Important things to know about seasonal flu

Seasonal flu is a serious illness that causes approximately 200,000 hospitalizations and 36,000 deaths each year. Federal health authorities report that the 2019-2020 flu season could be the worst in decades.

The Centers for Disease Control and Prevention (CDC) recommends that all people 6 months of age and older get vaccinated against influenza. Washing your hands frequently, and coughing and sneezing into a tissue or inside your elbow, will also help you and others be healthy.

Remember that the flu and other flu-like illnesses can spread easily, especially to those whose immune system may be weakened by another medical condition. That’s why we ask hospital staff and visitors to pay close attention to protect the health of those around them. “

Sharon Wright, MD, MPH, senior medical director of infection control / hospital epidemiology at BIDMC

If you experience flu-like symptoms and plan to visit a loved one in the hospital, consider delaying your visit until you feel better. If you are scheduled for an appointment or elective procedure, talk to your health care provider about whether it would be safe to reschedule.

“If you arrive at the medical center with flu-like symptoms, we ask that you obtain and wear a mask, available at all BIDMC entries,” says Wright. “And we thank you in advance for helping us fight the flu.”

Common flu symptoms

Influenza is a contagious respiratory viral infection that usually appears suddenly. Typical symptoms include:

Fever (100ºF or more)


Cough or sore throat

Other possible flu symptoms



Muscle pains

For advice about your medical care, consult your doctor.

How to prepare before getting sick

Get vaccinated!

It is not too late to get a flu shot. Given the normal duration of the flu season, vaccines are often offered until April 1. Read more about why the flu vaccine is the best defense against the virus.

Stock up on supplies

Having the right supplies at home is useful before someone gets sick. This includes:

  • A digital thermometer
  • Non-aspirin medications such as acetaminophen or ibuprofen
  • Liquids such as water, fruit juice, soups and sports drinks (read more about the health benefits of chicken noodle soup)
  • Alcohol and soap based hand sanitizer gel
  • Easy to digest foods (cookies, oatmeal, rice, etc.)
  • Cleaning supplies, such as household disinfectants, paper towels, garbage bags, etc.
  • The name and phone number of the family doctor.

How to care for someone with the flu

Take care of the fever

  • Administer appropriate anti-fever medications for the person’s age, after consulting a doctor, including acetaminophen, ibuprofen and aspirin.
  • Keep the room comfortably cool.
  • Make sure they are wearing light clothes.
  • Have them drink liquids, especially water.
  • Consider sponging them with warm water if they have a high fever.

When to call a doctor:

  • A person of any age has a fever for more than 3 days;
  • A person under 3 months has a fever of 100.4 degrees or more;
  • A person aged 3 to 5 months has a fever of 102 degrees or more.

Prevent dehydration

Dehydration can occur with low fluid intake, or with fever, diarrhea or vomiting. To prevent dehydration:

  • Drink plenty of fluids such as water, fruit or vegetable juices, soups and broths; Pedialyte for children.
  • Do not drink caffeine or alcohol.

Reduces body aches and fatigue

Body aches are also a common symptom of the flu. To help reduce body aches, headaches and tiredness, you may want to:

  • Give medications to lower fever. The same medication you give for fever will also help with other symptoms.
  • It helps to change their position in bed when they are awake.
  • Make sure there is silence and calm in the room so they can relax.

Help with a stuffy nose, sore throat and dry cough.
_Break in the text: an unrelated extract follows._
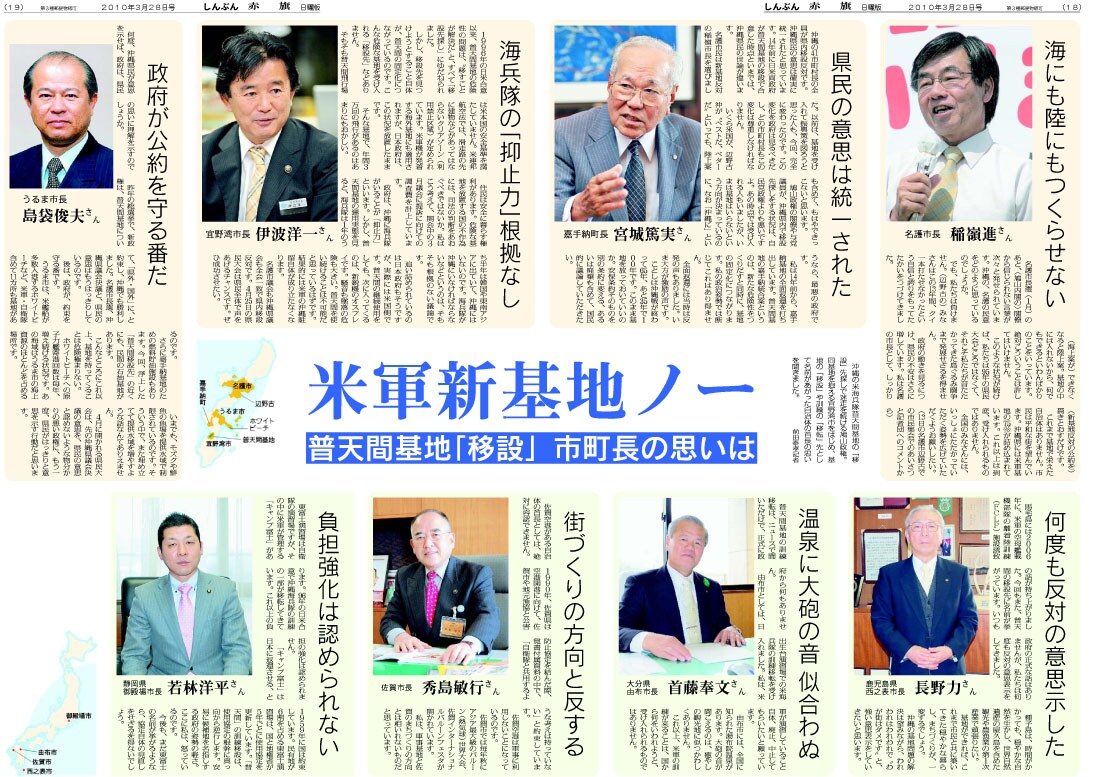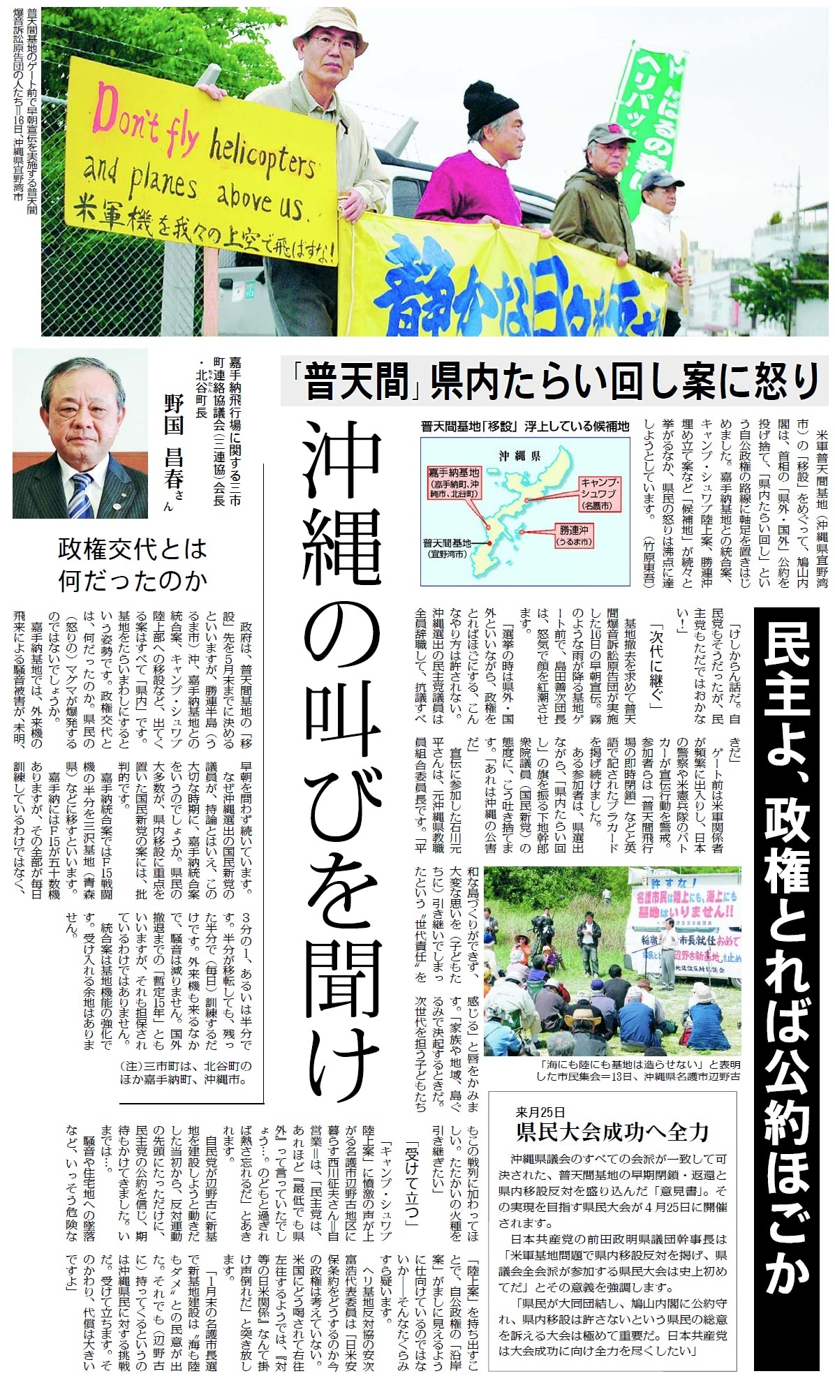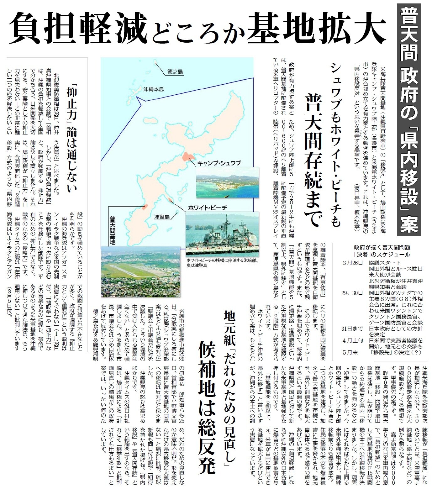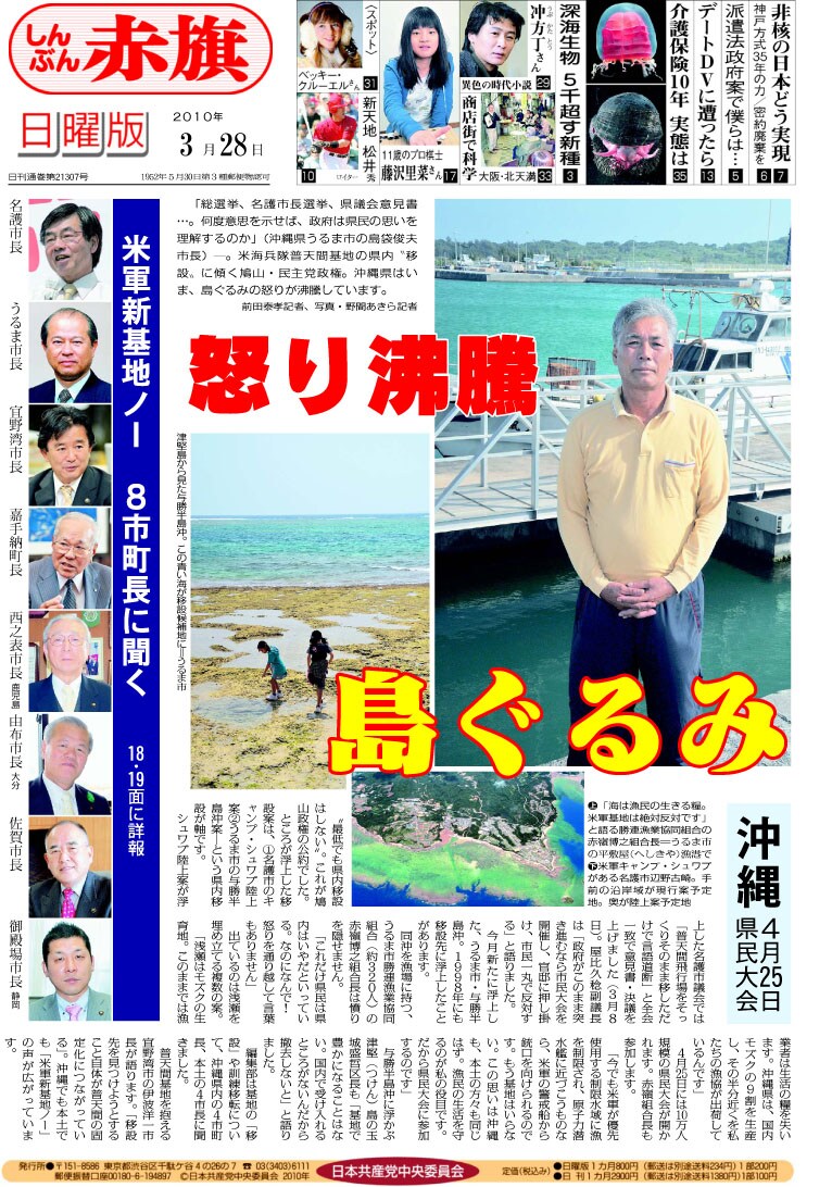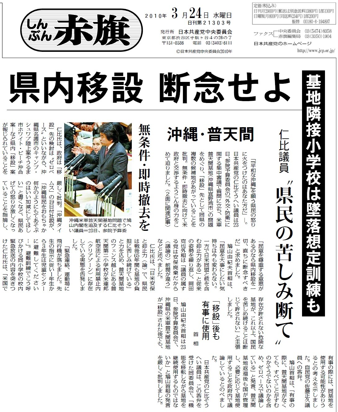 3月27日付では、政府がすすめようとする県内「移設」案は「負担軽減どころか基地拡大」とズバリと指摘。3月22日付は「沖縄の叫びを聞け 民主よ、政権取れば公約ほごか」と怒りを伝え、仁比そうへい参院議員が予算委員会で「県内移設を断念し、無条件・即時撤去にむけて米政府と交渉せよ」と鳩山首相に迫ったことを報じています(3月24日付)。

To help with a stuffy nose, sore throat and dry cough, you may want to:

  • Use a clean humidifier, cold steam or steam from a shower or hot bath.
  • Ask anyone who smokes not to smoke in the house.
  • Use breathing strips for people who have trouble breathing through their nose.
  • Use a saline spray or a saltwater rinse in the nose (only for older children and adults).
  • Make the sick person feel or keep their head elevated to help reduce congestion. Mattresses and crib beds can be raised slightly.
  • Gargle with salt water several times a day to help reduce a sore throat or cough. To make salt water, mix 1/2 teaspoon of salt in 8 ounces of water.

For advice about your medical care, consult your doctor.

When should you call a doctor?

If you are pregnant or have a health problem such as asthma, diabetes or heart disease, it is important that you call your doctor when the first symptoms of the flu appear. Your health condition may get worse with the flu.

Seek medical attention if someone …

  • He has a fever that lasts more than three days.
  • You have a fever or cough that goes away for 24 hours or more and then comes back.
  • You have a fever with a stiff neck, very bad headache, severe sore throat, an earache or a rash.
  • You have less urine or dark urine.
  • You have green, brown, or bloody mucus that appears when you cough.
  • You have severe vomiting or vomiting for a long time.
  • He is very picky or sleepy (babies and children).
  • You have other unusual symptoms or concerns.
  • It hasn’t improved after a week.